Emily Willen, the professor of history at the University of Texas in an article compares the US civil war to that of Lebanon. She says that there is a great similarity between Lebanon of 1975 and the US of 2018. She adds that the US has powerful but unreliable allies now, each with its own interests and looking like an “ineffective cartoon state”. At the same time, she goes on, the GOP reminds of the conservative Lebanese forces on the eve of the civil war. She continues that the Democrats look unconcentrated and scattered like the progressive Lebanese parties of that time.

November 6 elections are decisive

The Democratic campaigners as well as some of the celebrities in their campaigns insist that the midterm elections are decisive and invite people to take part. They call November 6 the day they can return wisdom to the country through their controlling of the House.

The midterm elections are significant to the Democrats because once they win, the second two years of Trump will be critical and nightmarish to him. In 2014, when the Republicans won the midterm elections, high-level tensions broke between Barack Obama and the Republican-controlled House. The escalation went so high that led to the federal government’s shutdown for 16 days.

For three reasons winning the midterms is crucial to the Democratic Party. First, it can block many of Trump’s executive orders which they find harmful to the national interests. Second, a Democratic-led House will gain the power to curb Trump by raising some cases such as secret relations with Russia and sexual scandals, and lying. And third, victory in the midterms will allow them to take long steps towards creating a psychological atmosphere for winning the 2020 presidential elections. The past experiences indicate that winning the midterms will effectively reflects on the presidential race.

Congress election benchmark of Trump popularity

In the meantime, what is drawing attention is Trump’s early disavowal of himself from the Republicans in preparation of a highly likely loss. Based on the polls, the GOP will lose the majority in the House.
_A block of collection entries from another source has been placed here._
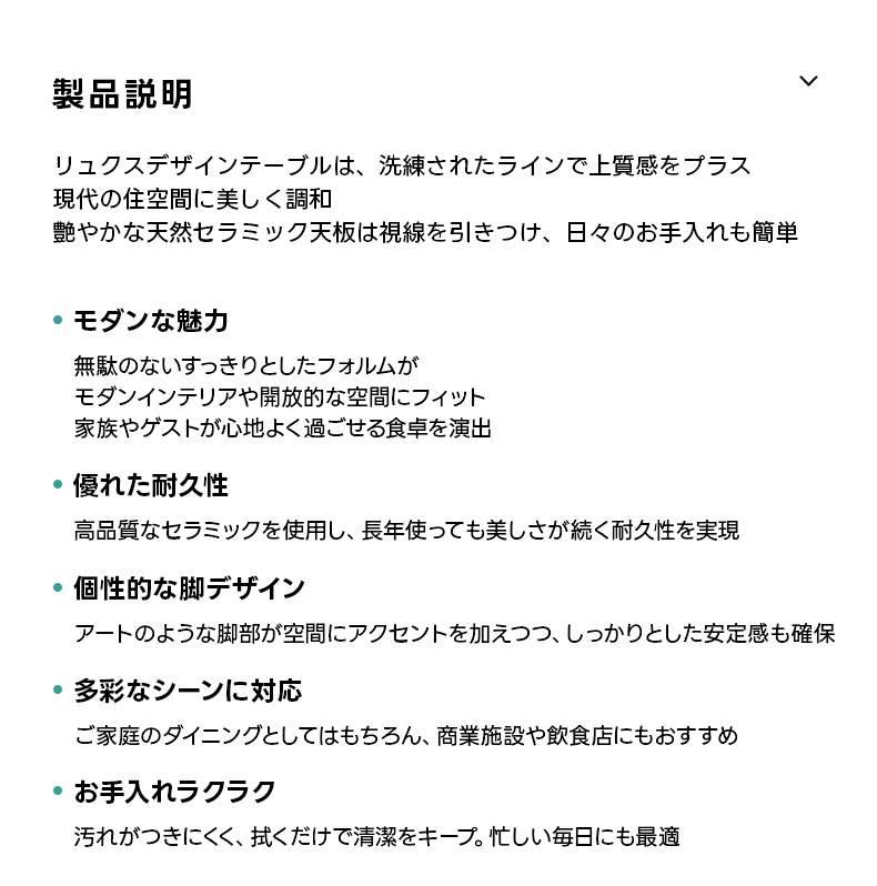 - 【高品質な素材と耐久性】高品質な天然セラミック天板とカーボンスチール製の脚部を使用し、優れた耐久性を実現。長年の使用でも美しさが続き、耐熱性や耐摩耗性にも優れています。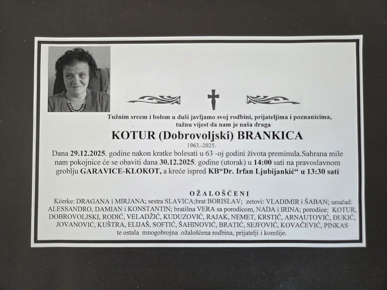 Sahrana mile nam pokojnice će se obaviti dana 30.12.2025. godine (utorak) u 14:00 sati na pravoslavnom groblju GARAVICE – KLOKOT, a kreće ispred KB „Dr. Irfan Ljubijankić“ u 13:30 sati.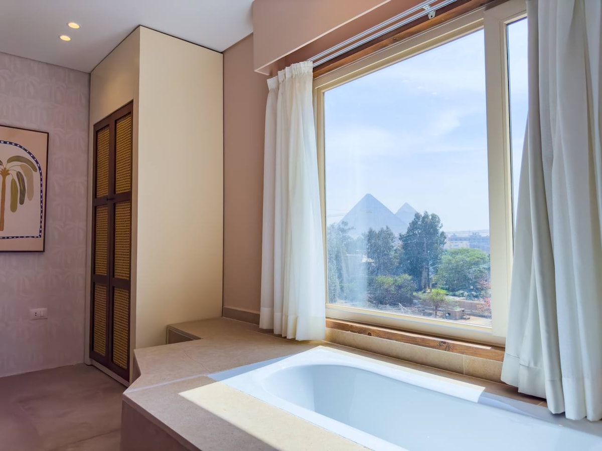 The Khan of the Pyramids, one-of-a-kind retreat where handcrafted design meets ancient wonder. This serene apt is nestled in El Haram and offers a direct view of the Pyramids from your bed or Hot tub Every corner is filled with earthy textures, curated pieces, and natural light — designed for slow living, restful nights, and magical mornings with a view that’s truly unforgettable. Whether you’re a couple, solo traveler, or creative soul seeking inspiration, this Khan is your haven in Giza..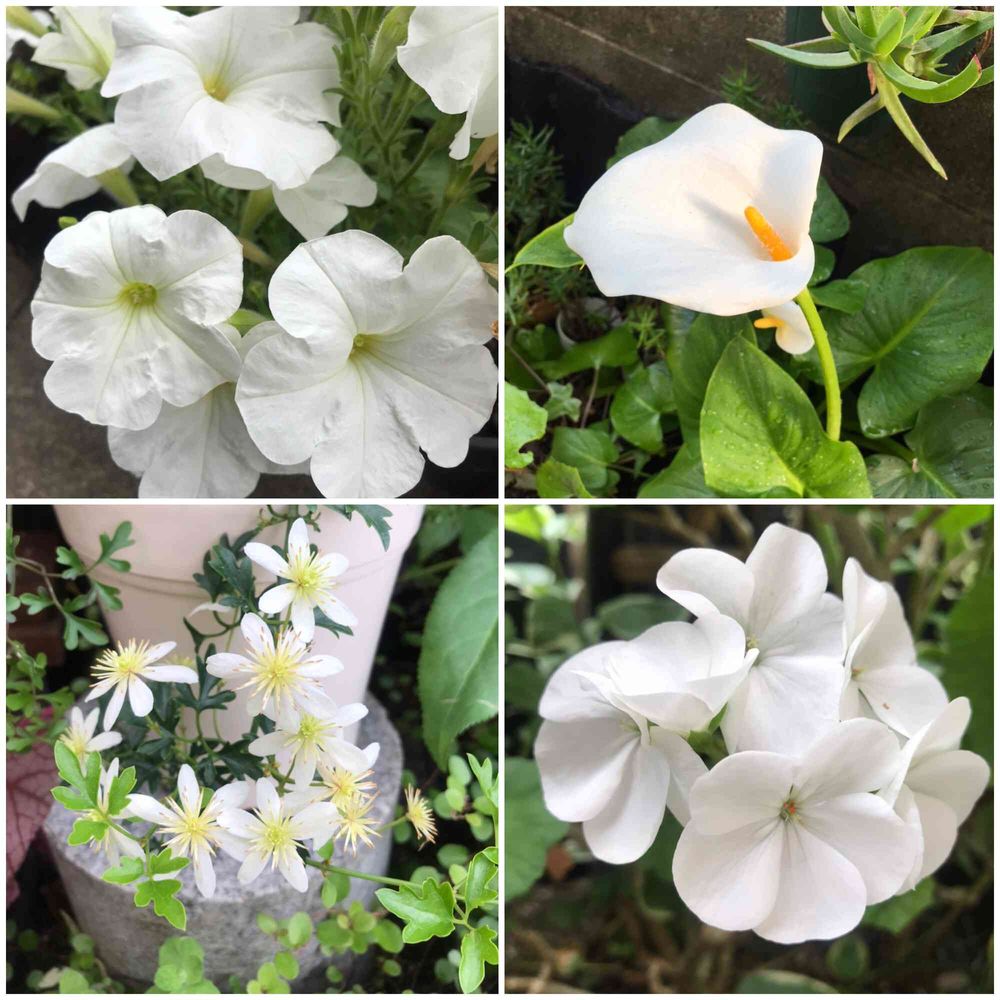 ペチュニア カラー ゼラニウム クレマチス 庭に咲いてる白いお花達😘

Trump will be at the center of the blame as he is considered a top representative of the Republicans. So, the Tuesday's elections are a benchmark of the popularity of the president after two years at the White House.
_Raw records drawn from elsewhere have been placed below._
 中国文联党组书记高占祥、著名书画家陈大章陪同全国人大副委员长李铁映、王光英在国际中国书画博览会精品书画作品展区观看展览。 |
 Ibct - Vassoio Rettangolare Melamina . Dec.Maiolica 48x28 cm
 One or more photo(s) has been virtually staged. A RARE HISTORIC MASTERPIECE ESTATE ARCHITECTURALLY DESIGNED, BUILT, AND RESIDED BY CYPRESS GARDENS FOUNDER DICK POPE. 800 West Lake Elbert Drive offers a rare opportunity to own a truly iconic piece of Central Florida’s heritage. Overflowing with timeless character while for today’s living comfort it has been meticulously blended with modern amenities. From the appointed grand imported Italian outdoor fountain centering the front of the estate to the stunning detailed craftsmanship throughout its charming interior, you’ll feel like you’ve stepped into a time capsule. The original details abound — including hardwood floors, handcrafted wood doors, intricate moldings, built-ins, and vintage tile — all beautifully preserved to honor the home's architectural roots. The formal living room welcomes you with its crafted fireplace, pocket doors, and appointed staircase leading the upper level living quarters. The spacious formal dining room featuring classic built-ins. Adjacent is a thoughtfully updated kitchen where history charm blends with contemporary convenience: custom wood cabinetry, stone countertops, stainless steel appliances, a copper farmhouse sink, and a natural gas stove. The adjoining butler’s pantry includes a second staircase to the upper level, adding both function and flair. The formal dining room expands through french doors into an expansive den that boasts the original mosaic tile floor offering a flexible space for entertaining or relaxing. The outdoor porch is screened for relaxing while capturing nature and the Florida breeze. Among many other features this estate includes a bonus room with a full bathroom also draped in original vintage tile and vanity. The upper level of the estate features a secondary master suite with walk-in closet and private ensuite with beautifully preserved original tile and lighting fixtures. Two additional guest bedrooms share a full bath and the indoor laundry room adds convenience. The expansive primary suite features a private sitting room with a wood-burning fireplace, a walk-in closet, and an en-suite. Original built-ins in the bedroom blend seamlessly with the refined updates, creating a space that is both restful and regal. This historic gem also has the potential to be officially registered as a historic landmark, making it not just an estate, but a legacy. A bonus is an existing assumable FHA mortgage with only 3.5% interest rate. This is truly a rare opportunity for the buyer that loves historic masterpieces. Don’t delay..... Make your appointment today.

But why are Trump and the GOP disappointed about holding the House control? Answering this question takes a view into the domestic and foreign policy of Trump.

Domestically, Trump is personally troubled. His personal and business scandals as well as alleged relations with the Russians rocked the popular trust in him. On the other side, his home policies are racist and even, as some analysts put it “fascist.” His policy put him face to face with the colored Americans. Add to this his anti-immigration policy as well as his killing of Obamacare, a public insurance program. All draw public aversion to his measures.

In foreign policy, his performance is extremely troublesome. He distanced himself from the traditional allies of the US and tried to move closer to Russia. This pathway triggered fierce criticism against him.

Also, he waged a trade war against the global powers and close trade partners and adopted an isolationist policy, to the American voters’ frustration.

Additionally, he supported the Saudi-led war on Yemen that so far killed thousands of innocent Yemeni children and women and displaced millions.

And the latest black point in his two-year track record is his support for the Saudi crown prince in Jamal Khashoggi case, the vocal critic of the Saudi Crown Prince Mohammed bin Salman who was killed by Saudi state agents in his country’s consulate in Istanbul.

So, Trump’s two-year performance in home and foreign policy appears to work like the Republicans’ Achilles heel in the midterm elections.